In the latter case, Selden, J., holds that there is, in every contract for the sale of land, an implied warranty that the vendor has a- good title to the premises contracted to be sold, unless such warranty is expressly excluded by the terms of the contract. It is not very material whether the covenant to give a deed, or to give a good and sufficient deed of conveyance, are so construed as to entitle the purchaser to a valid title ; or whether the same result is reached by implying a covenant of warranty- that the vendor has a good title.

The case of Burwell v. Jackson seems to me entirely decisive of this case; as it gives to the defendant the benefit of the implied warranty, and holds that the title of the plaintiff being defective when the contract was made, the defendant had the right to treat thé contract as rescinded, and the failure of- title was a good defense to an action for the purchase money. ' -J

The plaintiff’s counsel does not, in terms, deny but that the cases cited dispose of this case, unless the provision in the contract that the deed, when given, shall contain a covenant against the plaintiff’s own acts, takes the case out of the principles decided in those cases. It only remains to inquire whether the clause of the contract, referred to, has the effect contended for.

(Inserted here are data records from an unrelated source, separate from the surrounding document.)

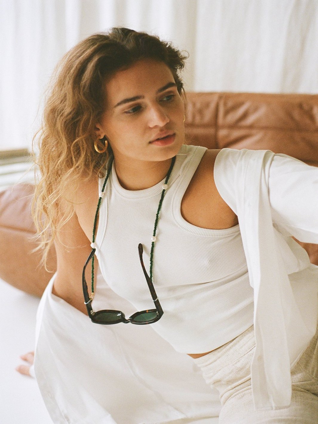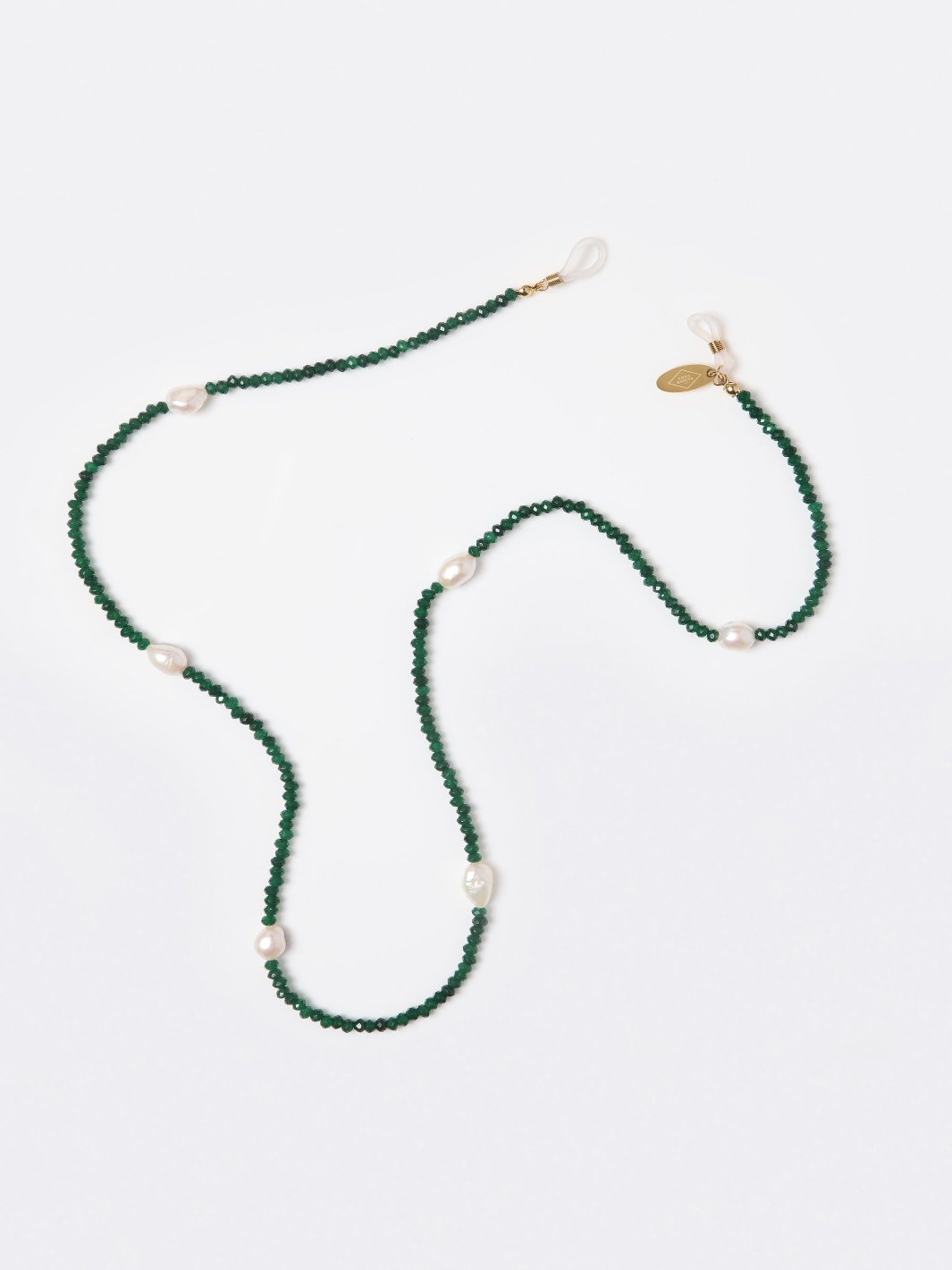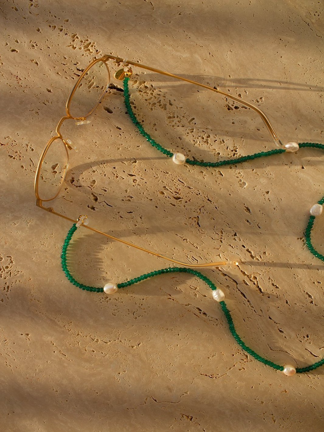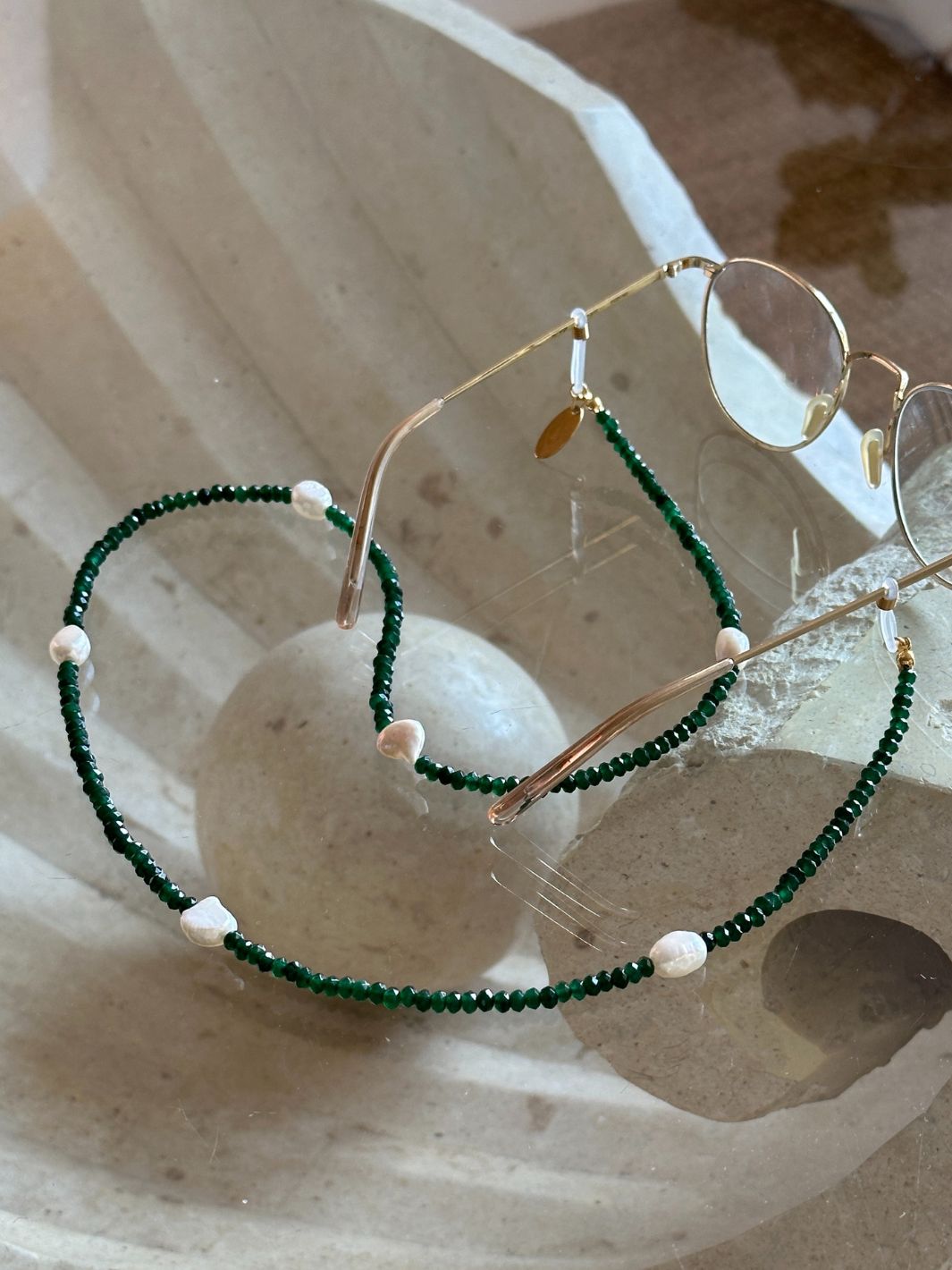 This green glasses holder is an outstander. She's made out of beautiful green stones and big natural pearls. A true beauty to wear on your normal glasses, as well as on your sunglasses. This Sunnycord is a timeless design!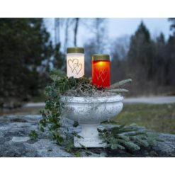 Tämä sopii esimerkiksi läheisen haudalle, pihalle tai parvekkeelle ilman maatikkua. Maapiikin avulla kynttilä on helppo asettaa maahan. Kynttilässä on lämpimän valkoinen valo, joka syttyy hämärän tullen.
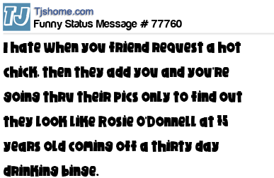 X I hate when you friend request a hot chick, then they add you and you're going thru their pics only to find out they look like Rosie O'Donnell at 75 years old coming off a thirty day drinking binge.

It cannot require argument to demonstrate that if in *592every contract for the. sale of land there is an implied warranty .that the vendor has a good title, unless the warranty is expressly excluded by the terms of the contract, the provision for a covenant against the vendor’s own acts is not an express exclusion of the implied covenant ; that it is in no manner inconsistent with the implied covenant.

It is the granting or habendum clause of the deed which transfers the title ; the covenants do not, and were never intended to, convey the title. The covenants in a deed are designed to operate after the title, if there is any, has vested in the purchaser, and by way of damages, to indemnify against any defects or imperfections there may be in the title; or, if there has been an entire want or failure of.title, to indemnify the purchaser, in that contingency.

The intention of the parties is to have effect in this as in all other contracts ; and in order to ascertain the intention, it is proper to take in consideration all the provisions of the contract; and if the covenant under consideration shows that it was the design of the vendor to sell, and of the vendee to receive, only such title as the former had, to the premises, we must give it effect. But, as already suggested, the contract calls for the fee, and the law implies that the fee is perfect in the vendor; and if it is not, the vendee is at liberty to disaffirm the contract.

The covenant has no operation on the title at the time of making the contract, and does not take effect until the delivery of the deed. A covenant is of very little consequence, when the title is perfect, as it must be, in order to enable the vendor to fulfill his contract. Covenants are taken for more abundant caution. One man is satisfied with the covenant of warranty, only; another wants what is popularly known as a full covenant deed; another is satisfied with the covenant contended for in this case.

The kind or nature of the covenant required to be given *593depends more upon the source from which the title has been derived, by the vendor, than on the nature of the title itself. If the vendor has obtained his grant from a man whose title has been repeatedly examined and known to be perfect, a purchaser might well be satisfied with a covenant that would protect him against any incumbrance attaching, or other defect occurring, since the date of the deed to him. In other words, the covenant throws no light on the intention of the parties, as to the title to be conveyed. Had the contract in question expressly provided that there should be no covenant whatever, in the deed, the defendant would still have been entitled to a perfect title to the land.

[Oneida General Term, January 7, 1863.

Mullin, Morgan and Bacon, Justices.]

I am of the opinion that the referee erred in the construction given by him to the contract; and that his judgment should be reversed, and a new trial ordered; costs to abide the event.